In October, 2010 I was told by my doctor that I had a vitamin d deficiency. My level was 13. My hair was falling out, I was having a lot of back pain, trouble sleeping at night, and I was experiencing memory and concentration problems among other things. Since then I have been taking prescription strength vitamin d at 100,000 IU's per week. I've been on this high dosage for nine months. At one point my level vitamin d level went up to 32. However, they just tested me again (July 26, 2011) and my level has dropped to 26. My doctor now wants me to double my dose to 200,000 UI's for the next three months. Can you tell me why my levels are not going up, and if I should be asking for more blood work? If I need more blood work, what should I request? Any information that you can provide me with will be much appreciated. Thank you in advance.
Did your doctor administer a 25-hydroxyvitamin test to determine if you have optimal levels of Vitamin D in your blood? In order to get the proper amount of Vitamin D your body requires, you need to be able to find a healthy balance of sunlight, but still reduce your risk of skin cancer, particularly Melanoma. Wear sunscreen every time you are in the sun and keep your sun exposure to 20 minutes at a time.

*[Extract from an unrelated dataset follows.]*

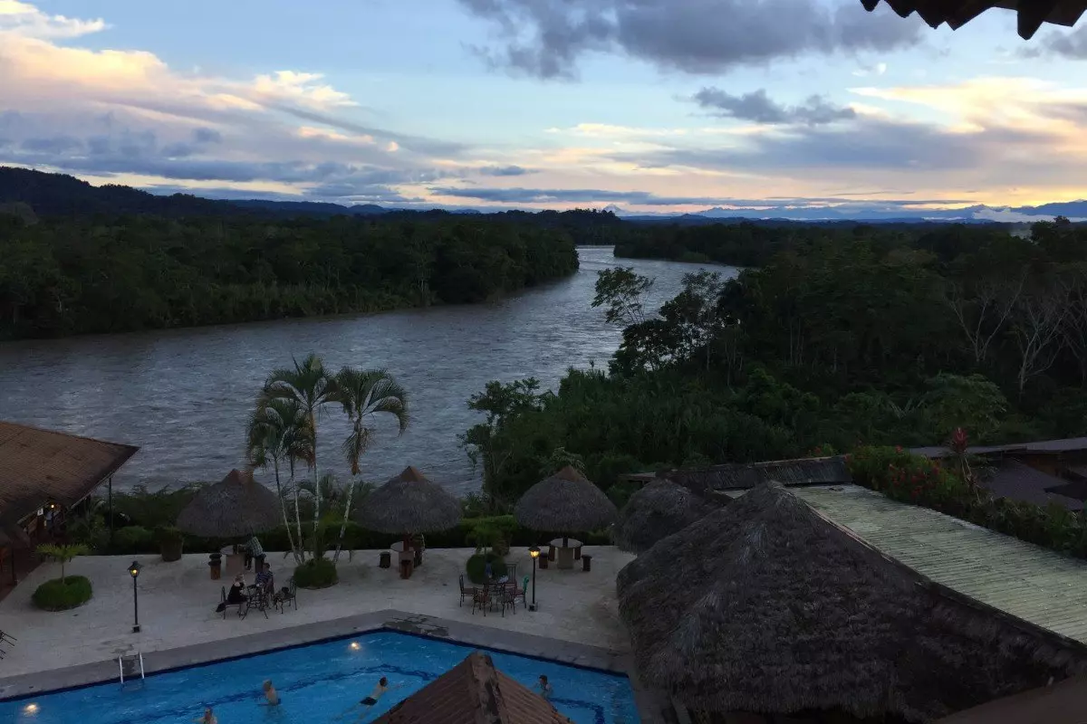 De weg eindigt letterlijk in de Napo-rivier, waar een gemotoriseerde kano wacht om je de laatste stap van de reis naar je jungle-lodge brengt, die zich op ongeveer 40 km van Tena bevindt, omgeven door weelderige jungle. De boottocht duurt ongeveer 15 minuten.

Low vitamin D levels occur because of less intake of vitamin D, less exposure to sunlight or as side effects of some diseases. Toxic substances, harmful chemicals, side effects of certain medicines can also give rise to such condition that the level of vitamin D goes down the normal level. It is a rare occurrence that the vitamin D levels is low because of some hereditary diseases. Following are some of the causes for low levels of vitamin D.
Lack of Exposure to Sunlight
The layer under the skin produces vitamin D using sunlight. People of certain geographical locations like those in the northern hemisphere have living conditions such that their exposure to sunlight is minimum. Aged people and small babies often do not get enough exposure to sunlight. Aging skin of elderly people needs more time to prepare vitamin D. People with the condition of lupus are sensitive towards sunlight. So, they are advised not to stay out under direct sunlight for a long time. Under all these conditions, the factors responsible for low vitamin D, is absence of sunlight.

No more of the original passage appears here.